[Stored entries]

::::::

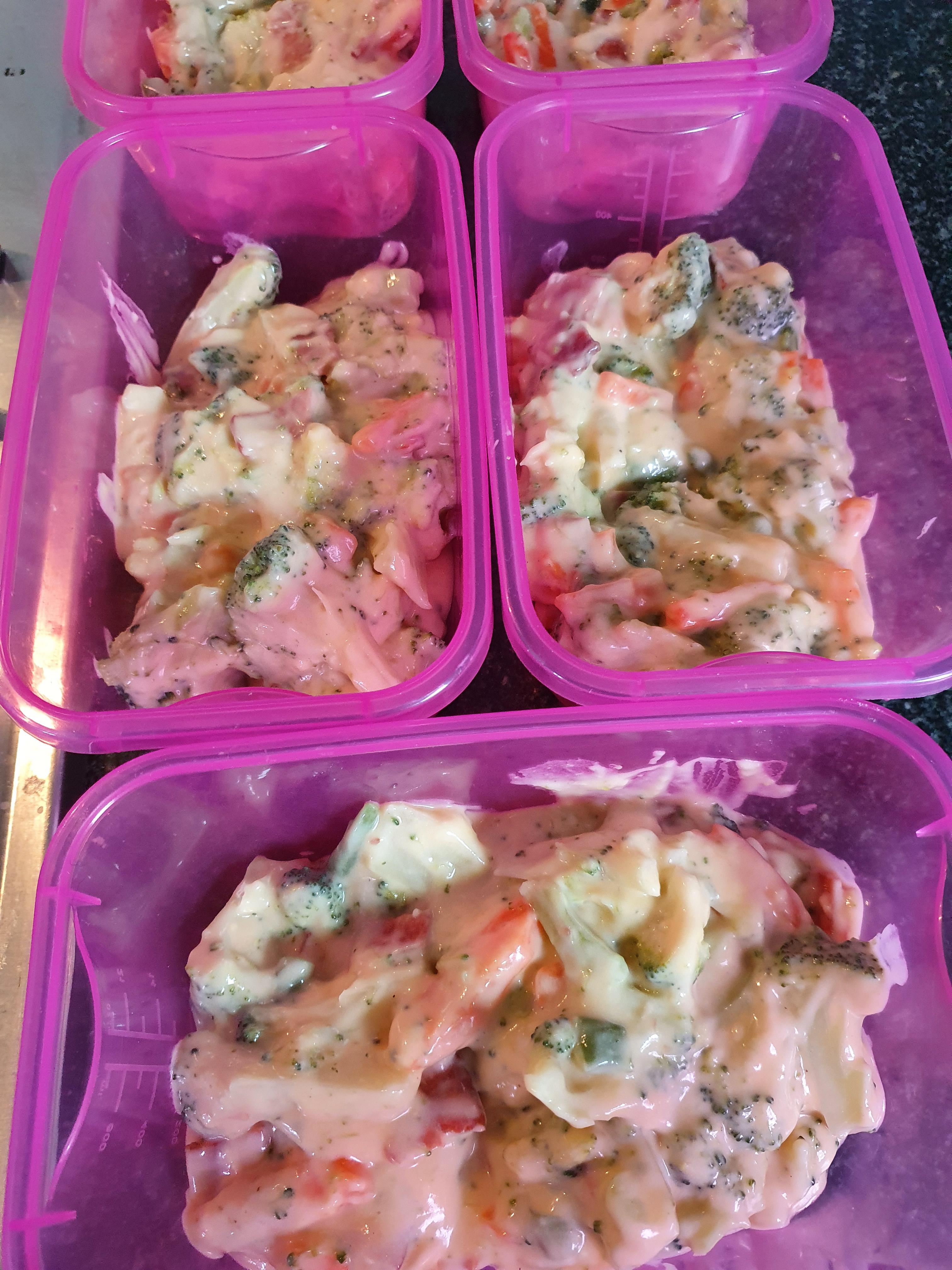 Cheesy Broccoli and Turkey Bacon (I want to say) Salad – 230 calories and 14g protein per serve by SusuTheConqueror Write A CommentYou must be logged in to post a comment.
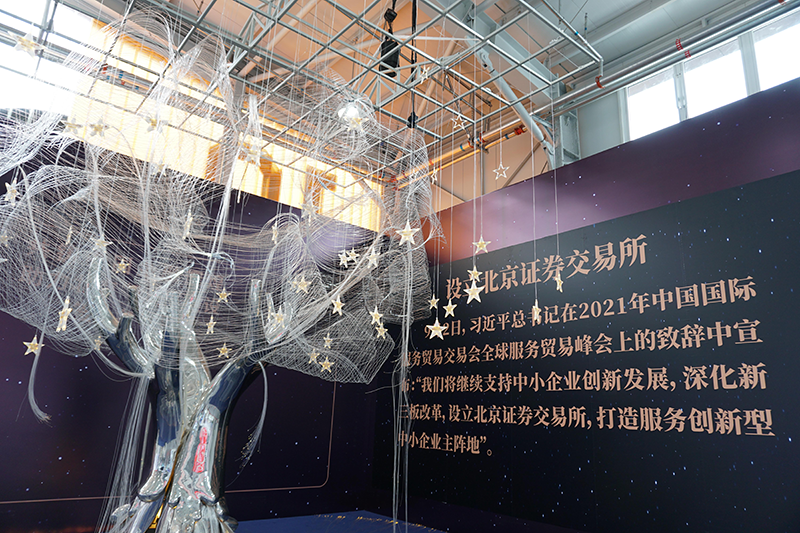 9月4日,在2021年服贸会金融服务专题展上拍摄的关于“设立北京证券交易所”的海报。 新华网 葛培媛摄
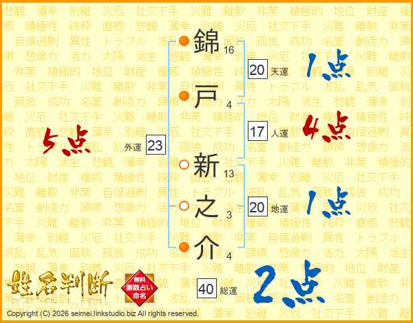 錦戸新之介さんの外運は23画の5点!
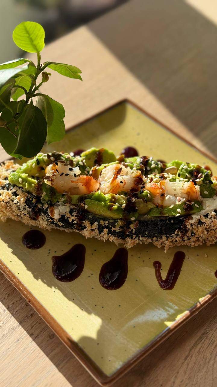 Скрамбл з лососем та авокадо. Подається з круасаном та крем-сиром
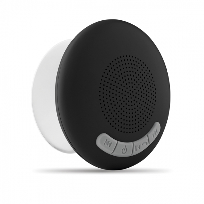 Boxă de duș cu bluetooth 4.2 și ventuză pe verso. Include baterie reîncărcabilă Li-Ion de 300 mAh. Date de ieșire: 3W, 4 Ohm.

::::::

## REQUIRED WORK
Return every line of the data above exactly, and omit all pictures.

## TASK SOLUTION
 Cheesy Broccoli and Turkey Bacon (I want to say) Salad – 230 calories and 14g protein per serve by SusuTheConqueror Write A CommentYou must be logged in to post a comment.
 9月4日,在2021年服贸会金融服务专题展上拍摄的关于“设立北京证券交易所”的海报。 新华网 葛培媛摄
 錦戸新之介さんの外運は23画の5点!
 Скрамбл з лососем та авокадо. Подається з круасаном та крем-сиром
 Boxă de duș cu bluetooth 4.2 și ventuză pe verso. Include baterie reîncărcabilă Li-Ion de 300 mAh. Date de ieșire: 3W, 4 Ohm.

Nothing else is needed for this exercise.